Extract from the posting:
First off I can confirm a few basic facts, namely that we really did receive a ~300 Gbps attack directed at Cloudflare, and later specifically targeted at pieces of our core infrastructure. This is definitely on the large end of the scale as far as DoS attacks go, but I wouldn’t call it “record smashing” or “game changing” in any special way. It’s just another large attack, maybe 10-15% larger than other similar ones we’ve seen in the past, and I’m certain we will continue to see even larger ones in the future as global traffic levels increase. What made this particular attack notable is where it was targeted, which greatly increased the number of people who noticed it.
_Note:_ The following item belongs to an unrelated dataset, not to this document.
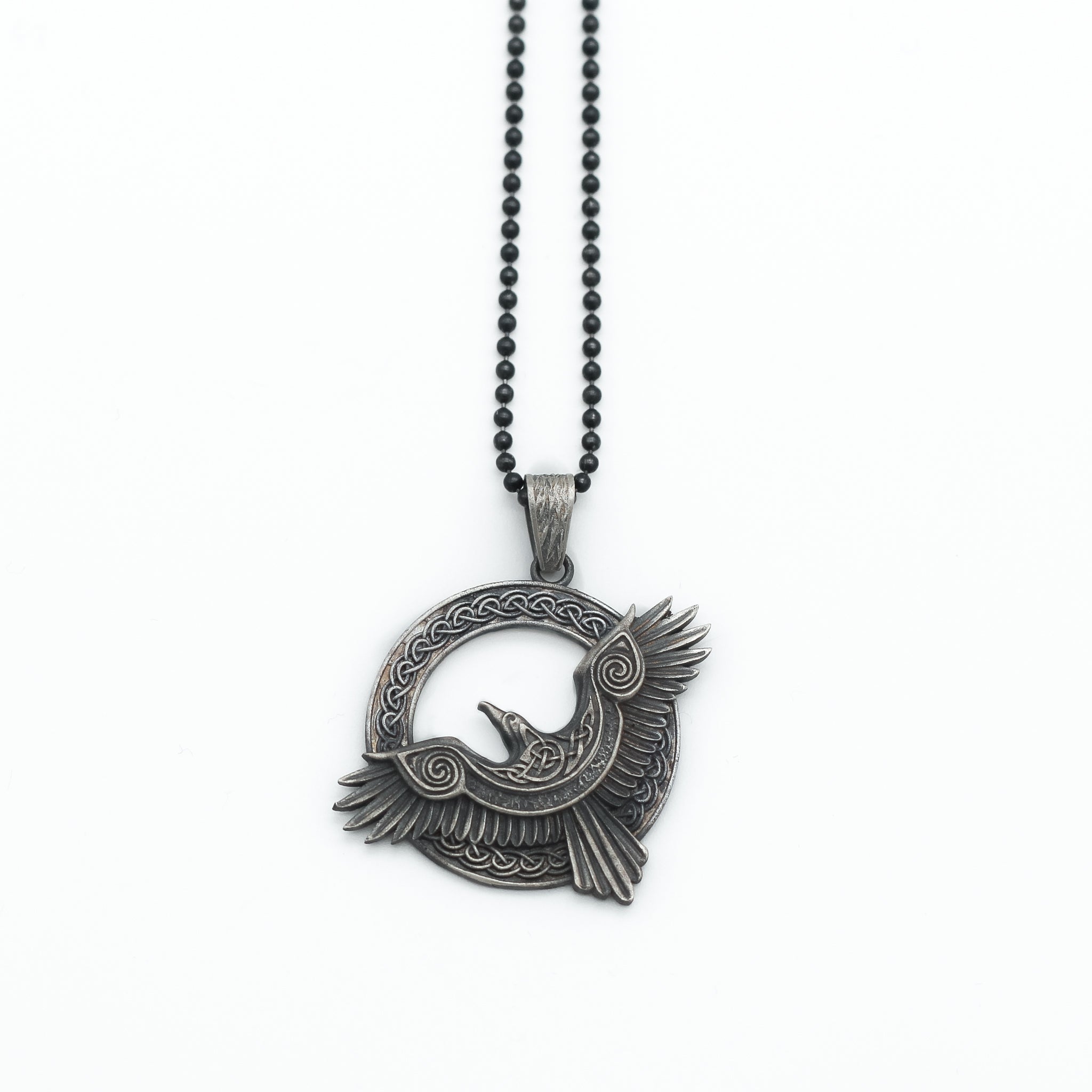 Sterling Silver Phoenix Necklace, Raven Necklace For Men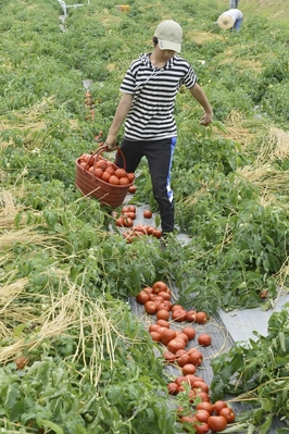 加工用トマトの収穫

In defense of the claims in other articles, there is a huge difference between “taking down the entire Internet” and “causing impact to notable portions of the Internet”. My company, most other large Internet carriers, and even the largest Internet exchange points, all deliver traffic at multi-terabits-per-second rates, so in the grand scheme of things 300 Gbps is certainly not going to destroy the Internet, wipe anybody off the map, or even show up as more than a blip on the charts of global traffic levels. That said, there is absolutely NO network on this planet who maintains 300 Gbps of active/lit but unused capacity to every point in their network. This would be incredibly expensive and wasteful, and most of us are trying to run for-profit commercial networks, so when 300 Gbps of NEW traffic suddenly shows up and all wants to go to ONE location, someone is going to have a bad day.
But, having a bad day on the Internet is nothing new. […]
The whole thing is worth reading, all of which is a response to this Gizmodo article and apparently re: one comment on it from someone looking for primary sources.
I hope the comment’s author feels he got his money’s worth.
tl;dr – breaking the internet is still really hard via DDoS.